Im not quite sure what you told me to do. but i tried what i thought you meant and that didnt work. Ive had this working before without trying what you said, i just cant remember how i did it.


----------



## doughboy256 (Nov 6, 2007)

Okay i can get the noise to stop going through my headphones but now when im using Ventrilo, any music coming from my Headphones is being played over my mic.


----------



## magnethead (Mar 18, 2006)

doughboy256 said:


> Okay i can get the noise to stop going through my headphones but now when im using Ventrilo, any music coming from my Headphones is being played over my mic.

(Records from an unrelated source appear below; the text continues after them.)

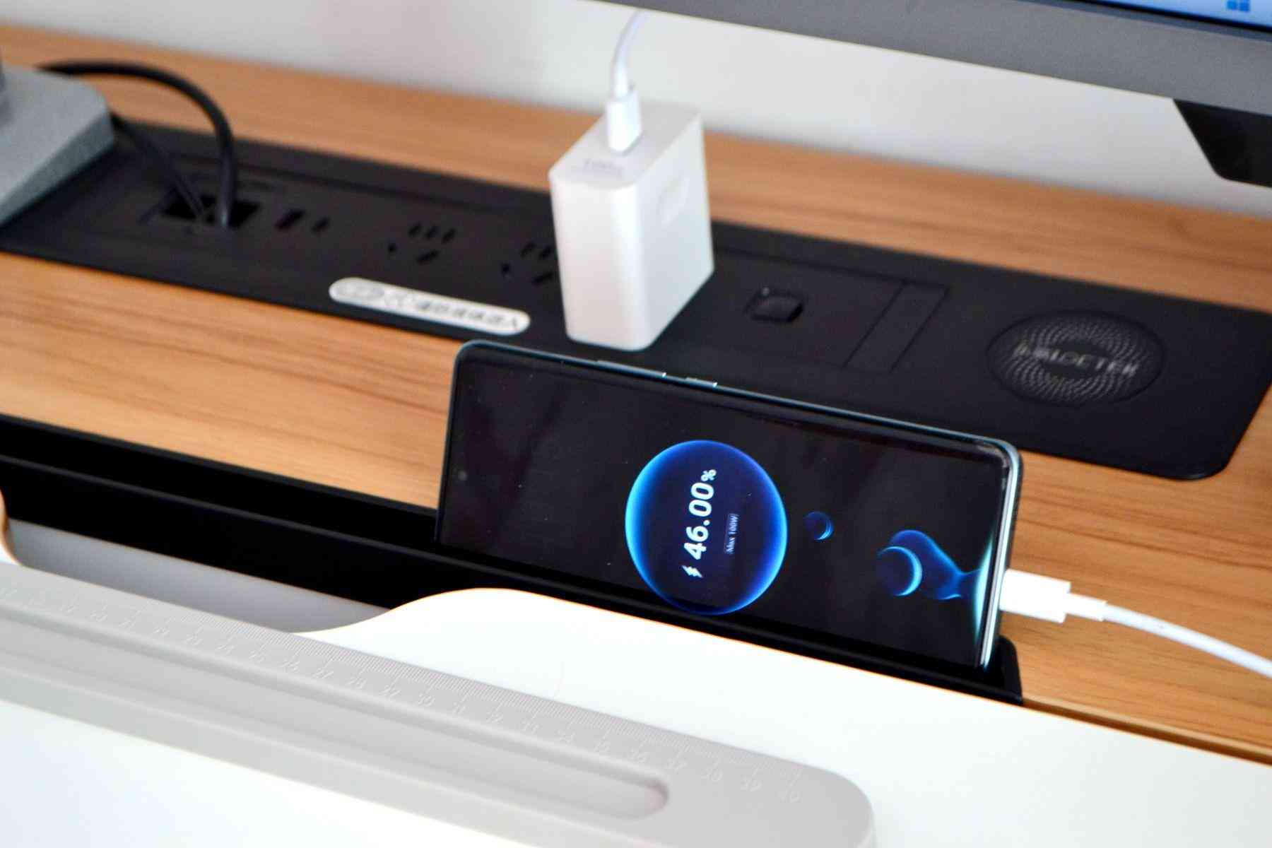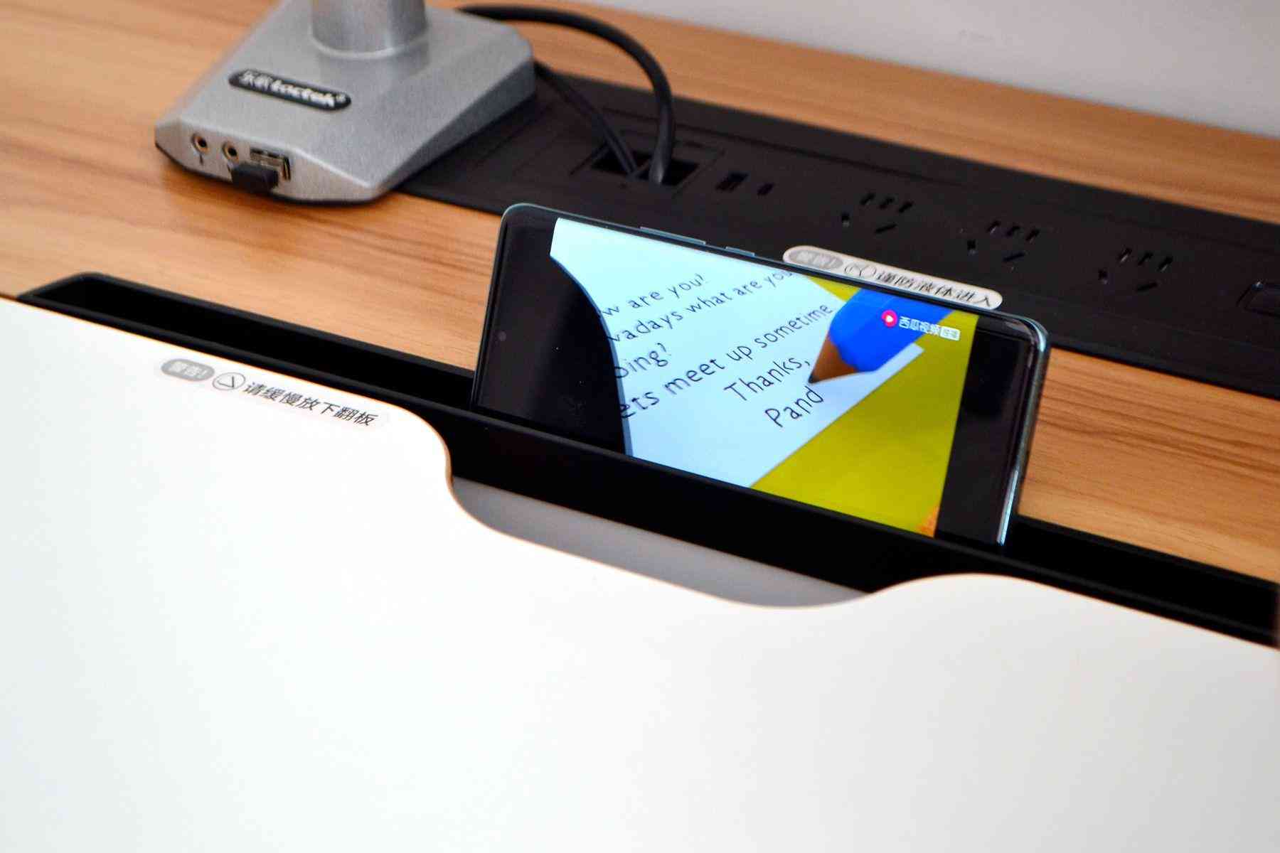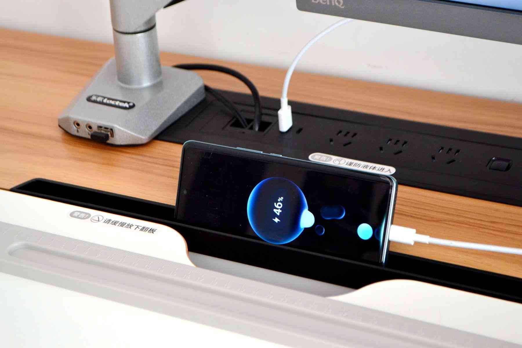 值得一提的是,在最右側(cè)還設有一個無線充電板,功率為10W,可以把支持無線充的手機隨手放桌面上,完成充電,非常方便。我的手機是iPhone11,實測是支持無線充。
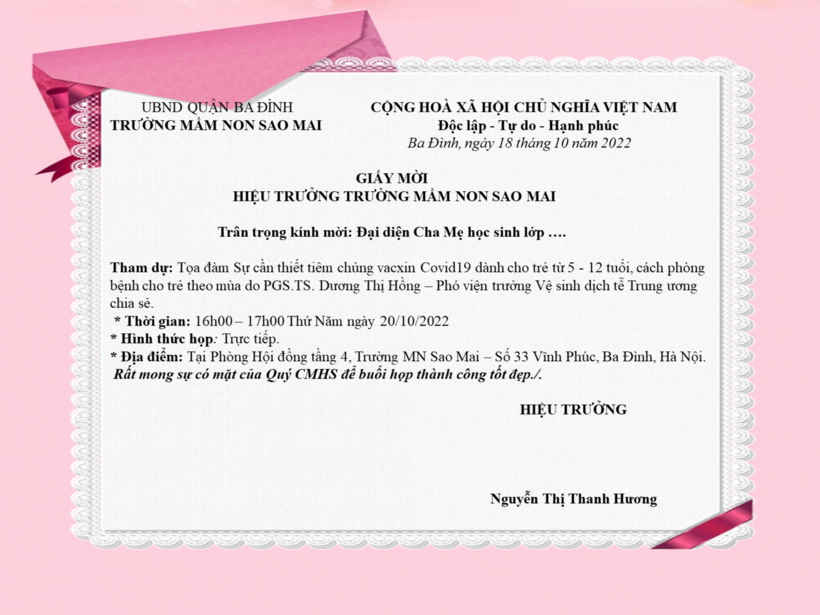 Tọa đàm sự cần thiết tiêm chủng Vacxin Covid19 dành cho trẻ từ 5-12 tuổi, cách phòng bệnh cho trẻ theo mùa do PGS.TS. Dương Thị Hồng - Phó Viện trưởng vệ sinh dịch tễ Trung ương chia sẻ với CMHS tại trường Mầm non Sao Mai vào buổi chiều ngày thứ Năm (20/10/2022).
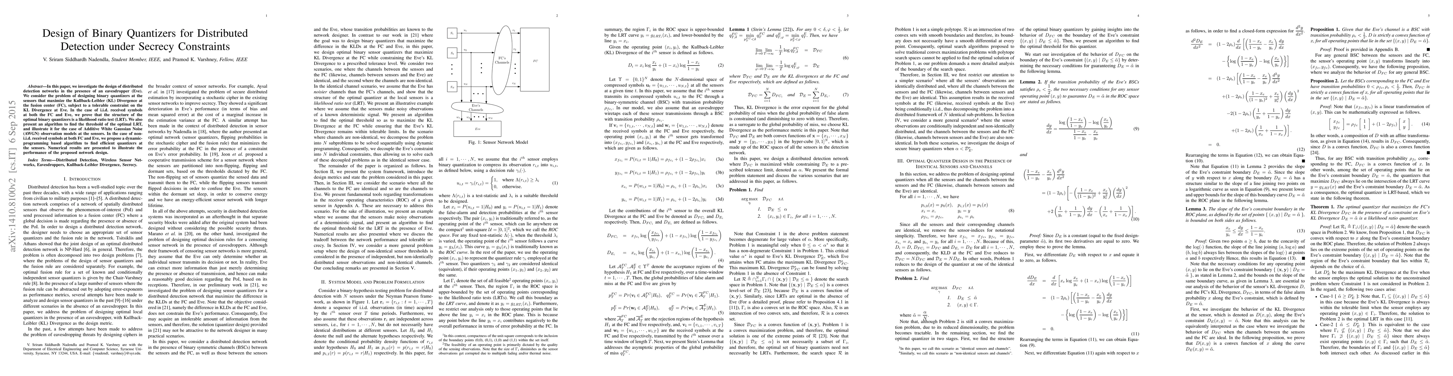 This paper explores designing binary quantizers for distributed detection networks, ensuring secrecy from eavesdroppers. For i.i.d. received symbols, optimal quantizers are proven to follow a likelihood ratio test structure, with an algorithm to find the threshold for AWGN observation models. For non-i.i.d. symbols, a dynamic programming algorithm is proposed to find efficient quantizers, with illustrative numerical results.
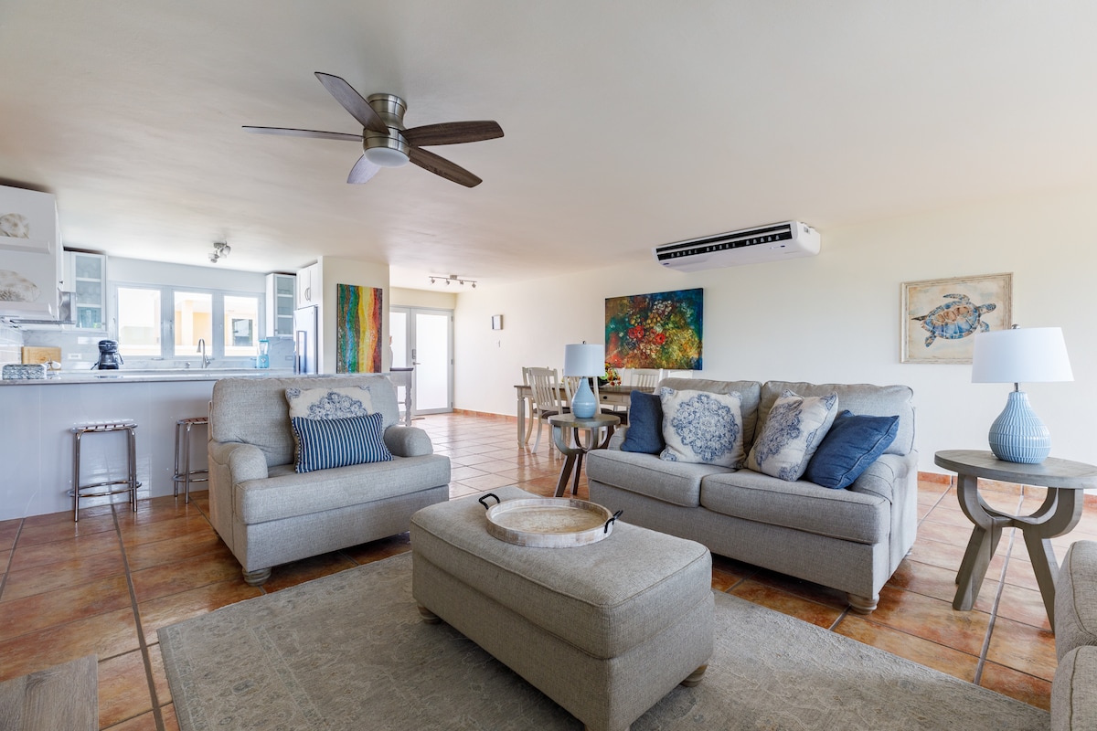 Beach view Villa within walking distance to Seven Seas Beach. Perfect home for families/couples that enjoy nature. The villa is a big living area and balcony to enjoy among family and friends. The complex has 2 pools adults and children. 2 beach access to 7Seas, Playa Escondida and a world-renowned Nature Reserve Las Cabezas de San Juan with its Bioluminescent Bay. Dining offerings range from local Kioskos, Seafood Restaurants casual/upscale. The property is located just 40 mins from San Juan.
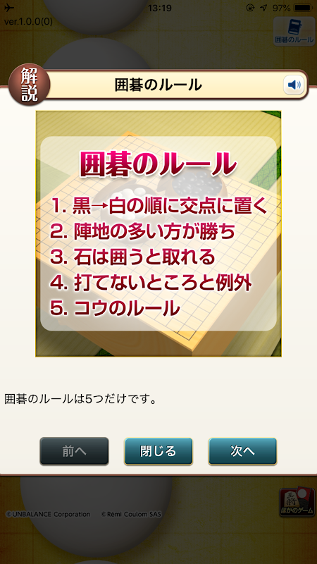 Los maestros que tienen la reputación de ofrecer explicaciones fáciles de entender han escrito explicaciones de las reglas de Go para esta aplicación, por lo que incluso los principiantes pueden comenzar a jugar Go con confianza.
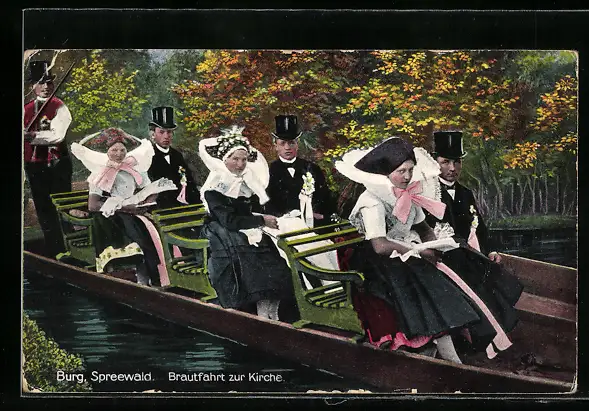 AK Brautfahrt zur Kirche in einem Spreewaldkahn, Spreewälder Tracht

which realtek do you have? Must be different from mine. I don't have a ventrillo option


----------



## zuluclayman (Dec 16, 2005)

"Mic Volume" (as in your list in earlier post) is microphone volume. Where is your headset plugged in? if you have the mic (pink) plug in your front jack then turn down the "Front pink in". Also if you have another icon (blue with sorta dot in the middle with yellow lines either side - looks like a speaker) double click it and go to microphone tab and tick Noise suppression box.


----------



## Ordinator (Jan 4, 2009)

try to plug the misc in other port or check if it port is clean, some times a dirty port causes problems in mouses, miscs, keyboards, etc................!!


----------



## doughboy256 (Nov 6, 2007)

zuluclayman said:


> "Mic Volume" (as in your list in earlier post) is microphone volume. Where is your headset plugged in? if you have the mic (pink) plug in your front jack then turn down the "Front pink in". Also if you have another icon (blue with sorta dot in the middle with yellow lines either side - looks like a speaker) double click it and go to microphone tab and tick Noise suppression box.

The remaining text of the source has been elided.